The Favorite Sister by Jessica Knoll
My rating: 3/5 cats
The last thing the world needs is one more woman with principles. What we need is women with money. Women with money have flexibility, and nothing is more dangerous than a woman who can bend any way she wants.
this gets three stars because i didn’t like it as much as Luckiest Girl Alive, and i gave that one four stars, so ta-daa – computation. i always feel like i have to explain that three stars is not a negative rating. in fact, this book has quite a lot going for it – it’s a fast, twisty read, it’s very au courant with its intersectional feminism angle, and it makes some smart, and probably unpopular, points about oorah sisterhood and the state of modern feminism.
but it’s also a reality show murrrrderrr plot, featuring the cast of Goal Diggers – Season 4, a show where successful young female entrepreneurs middle-finger the expectations of the patriarchy, support each other in their endeavors and inspire their female viewers with their accomplishments achieved in the show’s empowering, pro-woman environment.
that’s the pitch. but what’s a reality show without conflict?
for all its lofty ideals, Goal Diggers is still a show that encourages and rewards self-promotion, which means staying in the spotlight, which means giving the camera something to film, which means drama. so the cast and their nearest-and-dearest; these sisters, besties, rivals, mothers/surrogate mothers, daughters, lovers are being handled, massaged, groomed, their behavior amplified for ratings, and they are incentivized to lean in to confrontations to keep their place on the show, strategically forming and reforming their alliances, always on guard, watching their backs, scheming, paranoid that others are scheming, fostering an environment of lies and betrayals escalating into increasingly desperate ploys and coverups building to murrrrrderrrrrrr.

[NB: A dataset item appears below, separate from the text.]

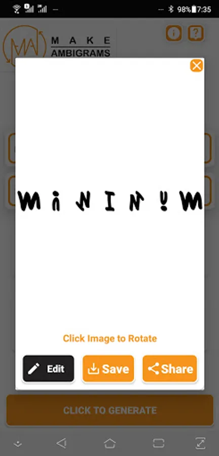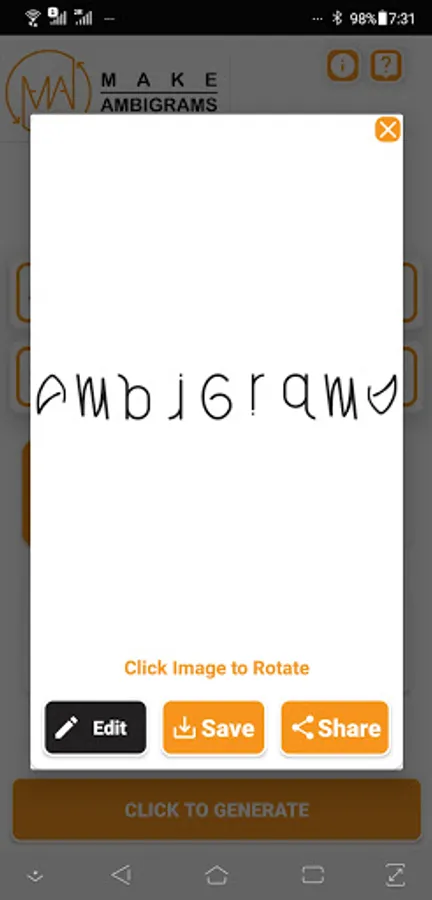 Make ambigrams from your phone on the go, all with the press of a button! (Needs a network connection to work.)

the only reality shows i watch are the one where people make dresses and the one where people make food. and there’s plenty of posturing and competitiveness, but there’s also an actual game at the center. conflict for conflict’s sake has never much appealed to me, on teevee or in life, but this book is kind of fascinating, giving some insight into the behind-the-scenes of these “unscripted”, controlled reality programs, and all that goes into a show’s construction; the filming chronology, the politics behind who sits where, the shifting of alliances, the management of public v. private selves, and the power of who knows what about whom.

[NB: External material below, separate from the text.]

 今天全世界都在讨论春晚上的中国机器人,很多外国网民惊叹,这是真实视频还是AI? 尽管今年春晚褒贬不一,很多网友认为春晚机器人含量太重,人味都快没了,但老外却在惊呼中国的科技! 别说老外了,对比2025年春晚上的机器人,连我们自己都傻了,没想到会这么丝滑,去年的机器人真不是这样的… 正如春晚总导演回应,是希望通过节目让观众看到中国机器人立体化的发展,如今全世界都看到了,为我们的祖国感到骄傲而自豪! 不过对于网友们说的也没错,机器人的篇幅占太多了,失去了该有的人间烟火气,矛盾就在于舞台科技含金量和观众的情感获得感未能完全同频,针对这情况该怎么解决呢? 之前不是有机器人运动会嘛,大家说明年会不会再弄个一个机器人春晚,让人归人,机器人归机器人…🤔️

there’s also a nice nesting effect here, in how the book presents reality and Reality, and how the lines between the two get smudged. for example, in Reality:
On a show with four to five players, any more than one gay woman and it becomes a lesbian show, any more than one woman of color and it becomes an ethnic show, and then advertisers start to worry about alienating the audience.
and in reality:
Black women in a white milieu are notorious infighters. It’s a risk to align yourselves. One of you is a gentle breeze of difference. Two is a twister, everyone hiding in their basement.

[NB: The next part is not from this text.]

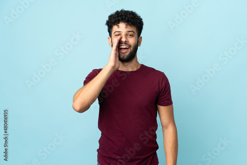 Young Moroccan man isolated on blue background shouting with mouth wide open

even outside of the structures of the show, there are rules and codes for women, which only intensify as the circles narrow from gender into race, income, sexual orientation, age, weight, an endless vigilance directed towards navigating the expectations of others, an impulse that follows the cast whether on-camera or off, the inherent competition between women causing a beautiful, successful thirty-five year old woman to feel a sense of relieved delight in cataloging the physical imperfections of a twelve-year-old girl. there are so many poisonous moments where i personally felt a pang – jen and her rescue dogs, stephanie’s publicist’s horrible advice, layla’s observed eyeslide/loss of innocence, much wincing in this one.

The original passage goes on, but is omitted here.